他看着魔血染空、功体半废、几乎无法维持飞行的射手弓尊,眼中无喜无悲,只是轻轻一叹:
“道魔之争,何至于斯……弓尊,请回吧。”
说罢,他不再看向失去威胁的对手,转身,一步踏出,身影渐渐消失在云雾深处。
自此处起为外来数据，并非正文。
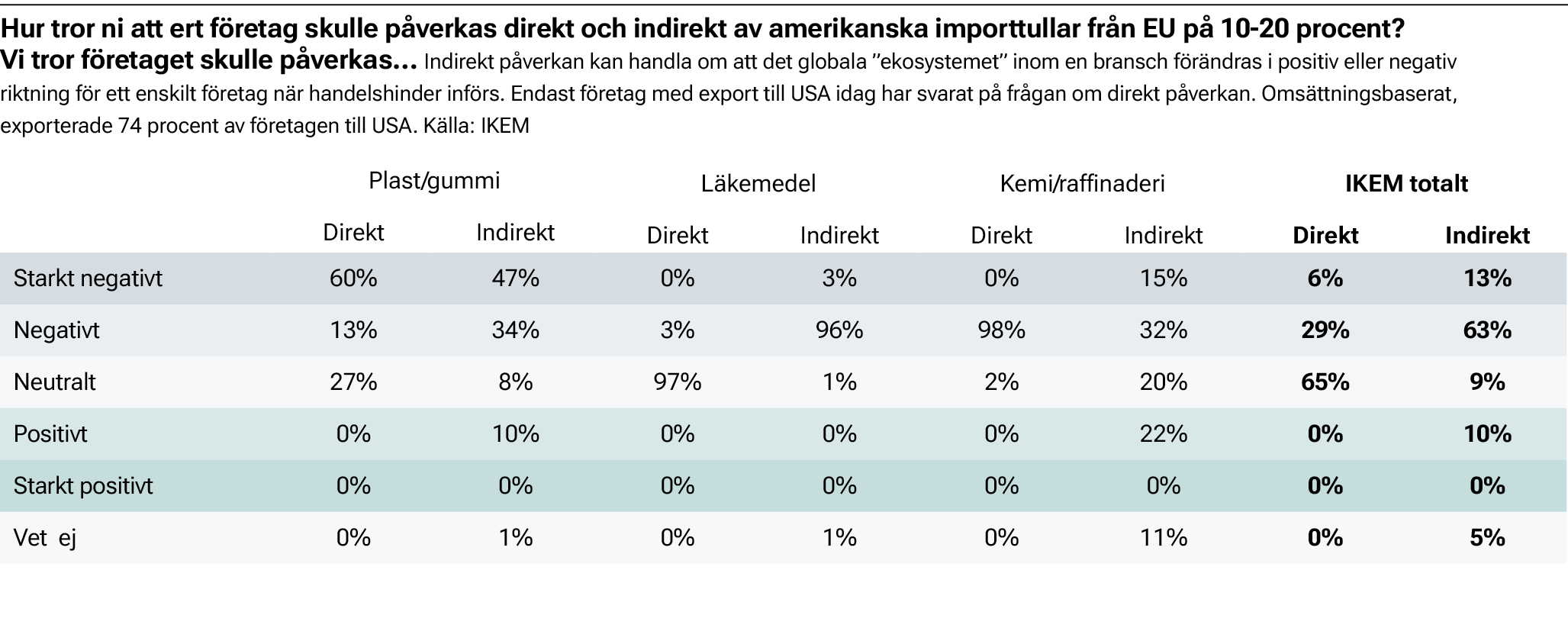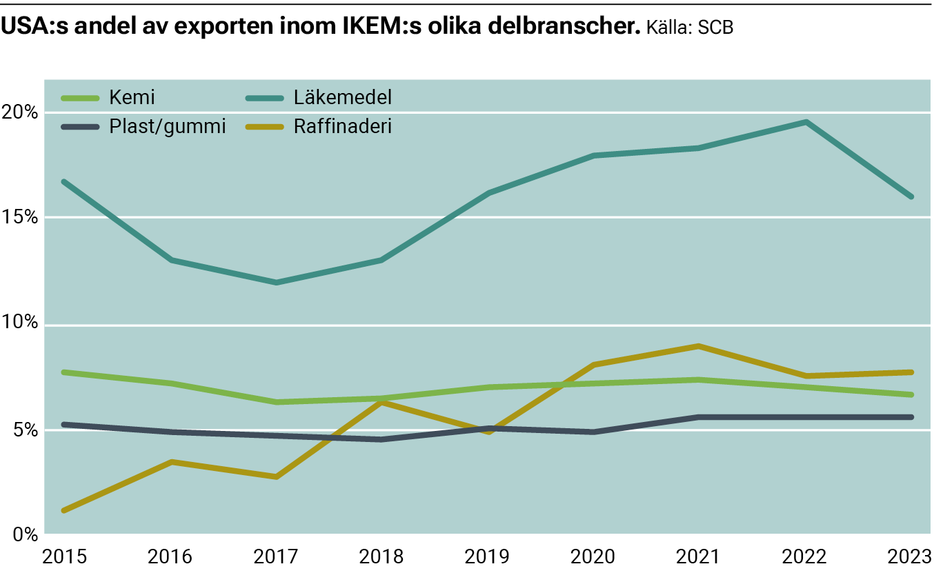 – Läkemedelsindustrin befarar framför allt indirekta negativa effekter av tullarna, medan kemi-, plast- och gummiindustrin och raffinaderierna riskerar drabbas såväl direkt som indirekt. Situationen är allvarlig för svensk och europeisk konkurrenskraft, säger Jonas Hagelqvist, vd, IKEM.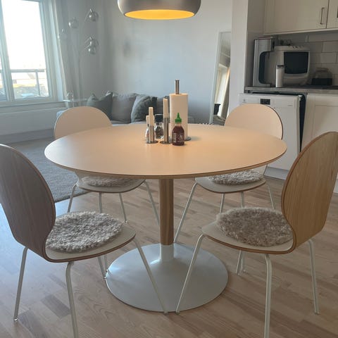 Säljer vårt fina matbord Rowico Filippa då bordet inte passar vårt nya boende. Bordet har alltid haft duk, (se sista bild) därav är bordet som helt nytt. Inga fläckar eller märken. Med två iläggsskivor får bordet en maxlängd på 240 cm

只留下遭受重创的射手弓尊,在死寂的虚空中,发出不甘而痛苦的咆哮。
墨无书那声“请回吧”尚在虚空回荡,带着一丝终结的意味与淡淡的怜悯。他转身,云袖轻拂,便要踏入云雾离去。
然而——
“妄……想!”
一声嘶哑、扭曲,却蕴含着焚尽一切的疯狂与不甘的咆哮,自身后响起!
只见那本应功体半废、魔元溃散的射手弓尊,竟不知从何处榨取出最后一丝力气,猛地稳住坠落的身形。他赤瞳已完全被血色吞噬,甚至眼角崩裂流出两道血痕。周身原本黯淡的魔焰,并非重新燃烧,而是以一种决绝的、自毁的方式,连同他残存的生命本源、破碎的魔核、乃至三魂七魄的根基,都开始了彻底的燃烧与献祭!
“以吾残躯,化终极箭!”
“以吾魔魂,祭永恒寂灭!”
“墨无书——!!!”
他无需弓,因为他自身,他残存的一切,便是最后一支,也是最强的一支箭!所有的魔元、意志、仇恨、执着,尽数压缩凝聚,使他整个人化作一道极尽浓缩、色泽暗沉如归墟、尾部拖曳着灵魂燃烧的惨白光痕的——终末之箭!
这一箭,超越了先前所有招式的范畴,是真正意义上,一位魔域顶尖尊者以自身存在为代价发出的——同归于尽之击!
箭出,时空凝滞!万物失声!唯有那道代表着绝对毁灭与终结的流光,直逼已转身的墨无书后心!其威势,竟比之前的“射天道殒”更为纯粹,更为极端!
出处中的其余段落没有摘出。